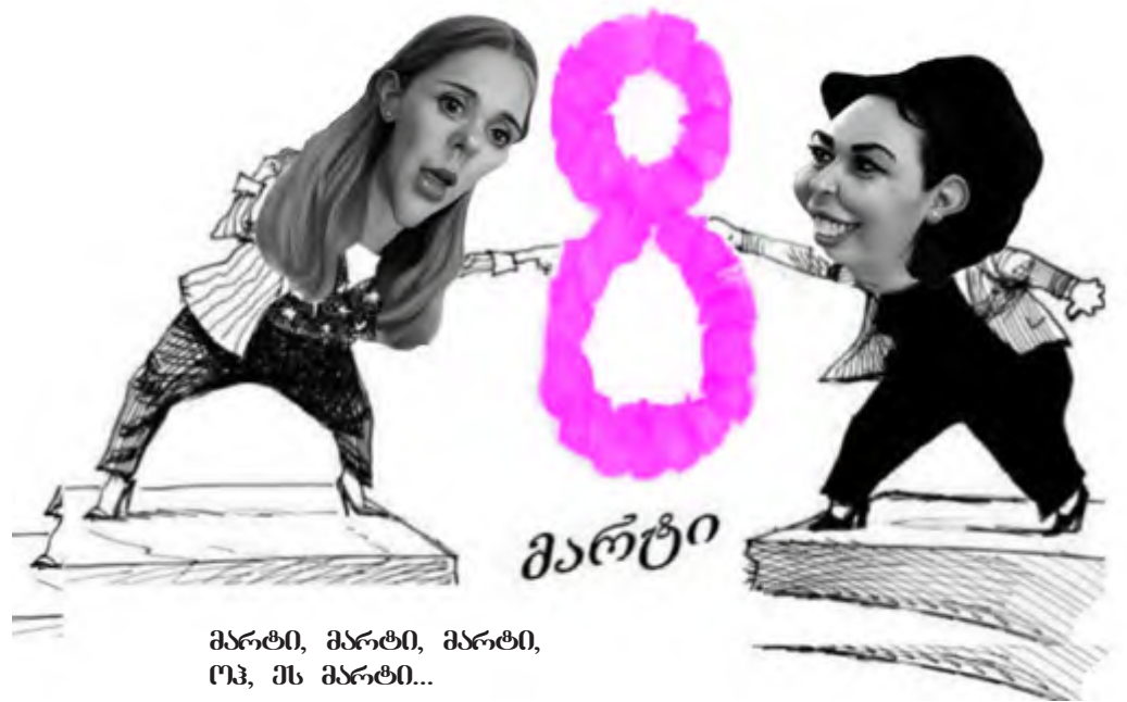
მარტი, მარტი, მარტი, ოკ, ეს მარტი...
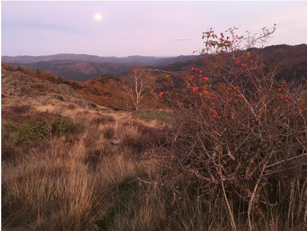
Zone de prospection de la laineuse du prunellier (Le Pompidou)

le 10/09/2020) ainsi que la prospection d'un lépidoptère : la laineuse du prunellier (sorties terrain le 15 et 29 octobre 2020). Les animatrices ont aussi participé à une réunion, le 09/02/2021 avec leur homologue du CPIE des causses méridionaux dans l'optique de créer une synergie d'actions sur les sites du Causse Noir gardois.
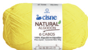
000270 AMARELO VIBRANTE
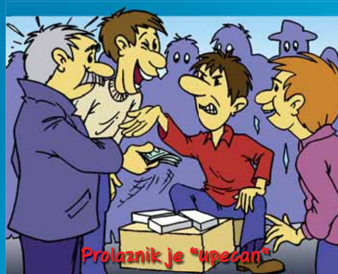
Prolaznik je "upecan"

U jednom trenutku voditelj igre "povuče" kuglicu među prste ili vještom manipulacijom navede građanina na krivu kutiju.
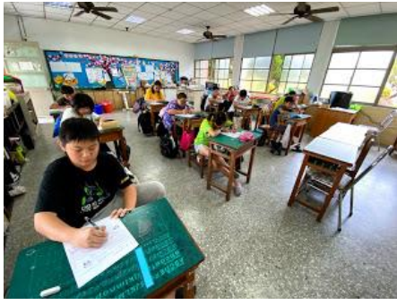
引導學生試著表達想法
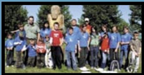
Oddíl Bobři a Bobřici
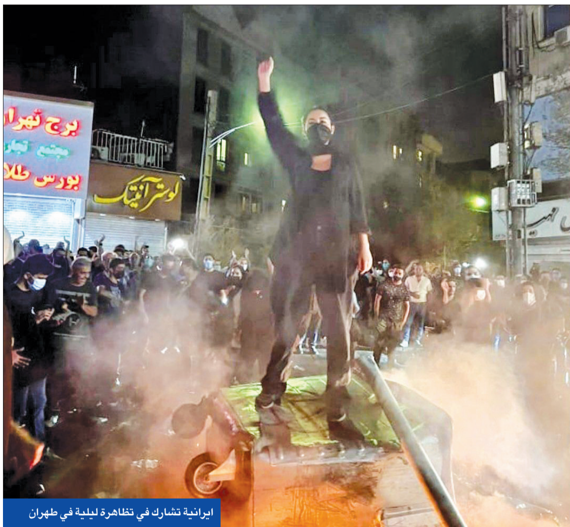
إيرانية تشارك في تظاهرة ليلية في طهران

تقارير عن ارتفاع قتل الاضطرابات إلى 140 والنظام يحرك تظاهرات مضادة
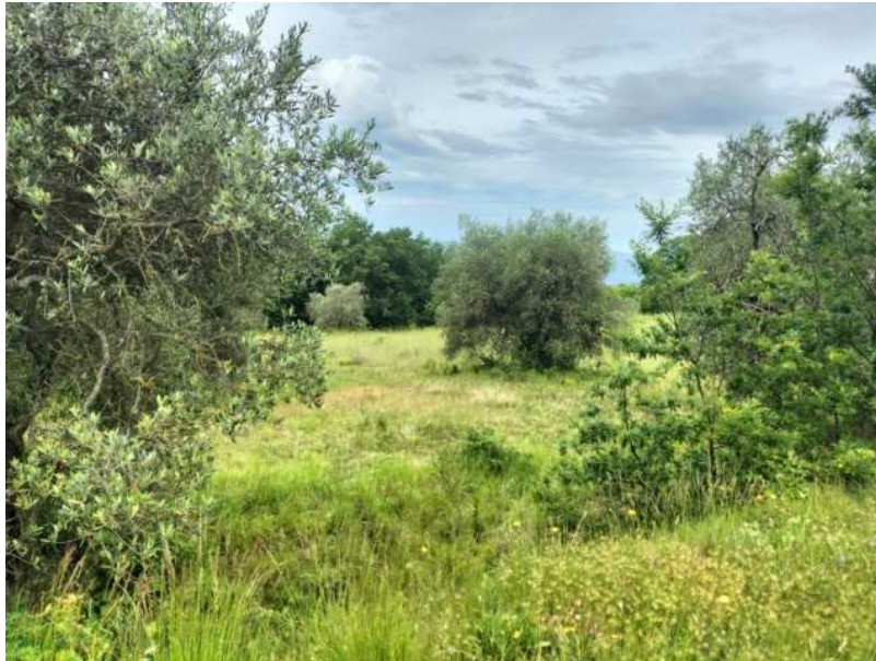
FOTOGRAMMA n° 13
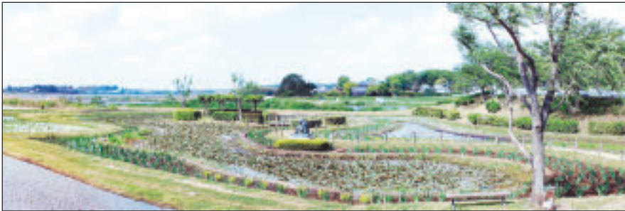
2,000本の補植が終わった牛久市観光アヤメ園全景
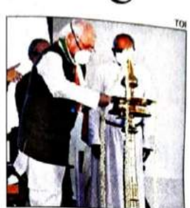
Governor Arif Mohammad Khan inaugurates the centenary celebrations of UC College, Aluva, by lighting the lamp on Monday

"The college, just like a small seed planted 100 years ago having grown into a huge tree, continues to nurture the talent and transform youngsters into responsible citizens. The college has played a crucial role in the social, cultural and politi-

____________________

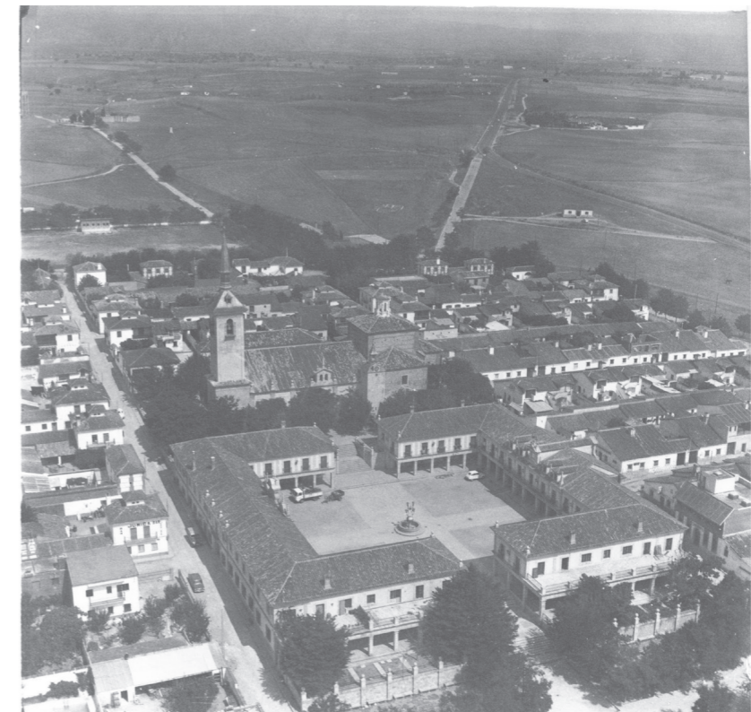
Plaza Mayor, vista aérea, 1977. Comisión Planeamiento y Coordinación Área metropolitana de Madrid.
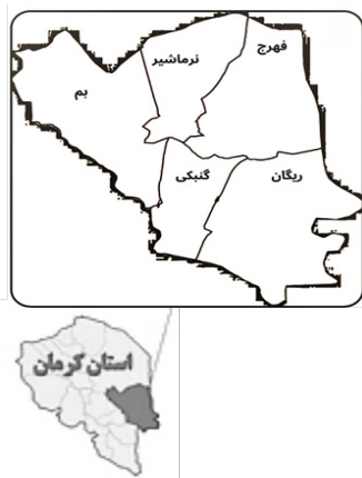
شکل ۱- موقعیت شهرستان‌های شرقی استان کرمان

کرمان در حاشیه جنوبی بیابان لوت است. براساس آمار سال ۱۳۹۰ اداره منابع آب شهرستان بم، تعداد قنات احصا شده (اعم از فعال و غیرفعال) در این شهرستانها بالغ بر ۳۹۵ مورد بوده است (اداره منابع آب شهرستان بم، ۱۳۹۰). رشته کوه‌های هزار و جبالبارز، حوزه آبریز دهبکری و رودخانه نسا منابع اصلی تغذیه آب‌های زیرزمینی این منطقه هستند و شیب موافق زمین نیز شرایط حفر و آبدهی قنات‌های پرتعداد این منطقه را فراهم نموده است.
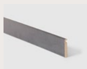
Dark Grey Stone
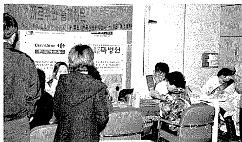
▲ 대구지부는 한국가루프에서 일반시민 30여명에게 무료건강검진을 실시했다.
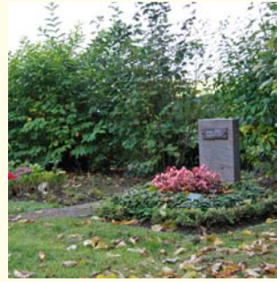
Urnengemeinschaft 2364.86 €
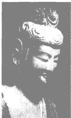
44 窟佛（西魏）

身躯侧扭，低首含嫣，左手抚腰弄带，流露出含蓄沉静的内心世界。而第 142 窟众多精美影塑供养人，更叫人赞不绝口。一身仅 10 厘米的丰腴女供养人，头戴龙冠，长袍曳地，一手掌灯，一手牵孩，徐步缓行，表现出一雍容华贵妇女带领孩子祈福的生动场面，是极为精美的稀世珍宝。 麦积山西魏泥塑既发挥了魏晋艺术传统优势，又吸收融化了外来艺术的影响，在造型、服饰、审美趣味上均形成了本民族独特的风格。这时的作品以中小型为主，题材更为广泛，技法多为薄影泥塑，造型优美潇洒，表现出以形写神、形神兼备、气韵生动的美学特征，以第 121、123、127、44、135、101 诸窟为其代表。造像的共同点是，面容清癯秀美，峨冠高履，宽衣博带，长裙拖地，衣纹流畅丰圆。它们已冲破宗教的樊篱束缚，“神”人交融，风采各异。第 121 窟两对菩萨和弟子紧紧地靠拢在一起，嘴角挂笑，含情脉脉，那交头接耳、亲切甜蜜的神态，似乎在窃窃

____________________

— Task description —
In the records above, copy exactly everything from the line that has "მარტი, მარტი, მარტი, ოკ, ეს მარტი..." down to the line that has "college, just like", both ends included, and leave out the pictures.

— Task answer —
მარტი, მარტი, მარტი, ოკ, ეს მარტი...
Zone de prospection de la laineuse du prunellier (Le Pompidou)

le 10/09/2020) ainsi que la prospection d'un lépidoptère : la laineuse du prunellier (sorties terrain le 15 et 29 octobre 2020). Les animatrices ont aussi participé à une réunion, le 09/02/2021 avec leur homologue du CPIE des causses méridionaux dans l'optique de créer une synergie d'actions sur les sites du Causse Noir gardois.
000270 AMARELO VIBRANTE
Prolaznik je "upecan"

U jednom trenutku voditelj igre "povuče" kuglicu među prste ili vještom manipulacijom navede građanina na krivu kutiju.
引導學生試著表達想法
Oddíl Bobři a Bobřici
إيرانية تشارك في تظاهرة ليلية في طهران

تقارير عن ارتفاع قتل الاضطرابات إلى 140 والنظام يحرك تظاهرات مضادة
FOTOGRAMMA n° 13
2,000本の補植が終わった牛久市観光アヤメ園全景
Governor Arif Mohammad Khan inaugurates the centenary celebrations of UC College, Aluva, by lighting the lamp on Monday

"The college, just like a small seed planted 100 years ago having grown into a huge tree, continues to nurture the talent and transform youngsters into responsible citizens. The college has played a crucial role in the social, cultural and politi-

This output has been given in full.